In 465 BC, Darius may have ascended to the throne as King of Persia after his father was murdered in a conspiracy carried out by Artabanus and Aspamitres the eunuch, who were confidential advisers of Xerxes. Afterwards, they deceived Artaxerxes into believing that it was his older brother, Darius, who murdered his father. Darius was then taken to the palace of Artaxerxes and put to death.
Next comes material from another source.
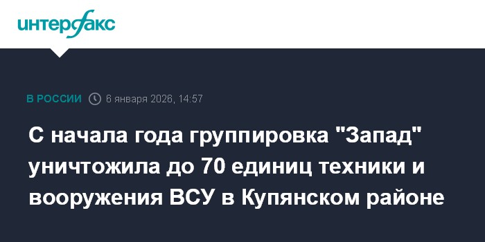Москва. 6 января. INTERFAX.RU - С начала января операторами дронов группировки "Запад" в Купянском районе Харьковской области уничтожено до 70 единиц техники и вооружения ВСУ, заявили в Минобороны РФ во вторник.

Artabanus may have had personal ambitions for the throne since, subsequently, he conspired with Megabyzus to have Artaxerxes killed. But Megabyzus revealed the plot to Artaxerxes, who put Artabanus and Aspamitres to death for the murders of Xerxes, Darius and his own attempted murder. Artabanus was killed by sword, whilst Aspamitres was left in a tub where he was eaten by insects.

== Classical sources ==
- Ctesias, Persica, books XIV - XVII
- Diodorus of Sicily, Bibliotheca historica, XI, 69
- Herodotus, Histories, book IX

== Bibliography ==
- Jacoby, Felix. (1923-1959) Die Fragmente er griechischen Historiker, Berlin
- Jacoby, Felix. (1922) "Ktesias", RE XI, 2032-2073
- Henry, René. (1959) Photius: La Bibliothèque, Paris
- Lenfant, Dominique. (2004) Ctésias. La Perse. L’Inde. Autres fragments. Paris
- Godley, Alfred Denis (1921). "Herodotus, with an English translation"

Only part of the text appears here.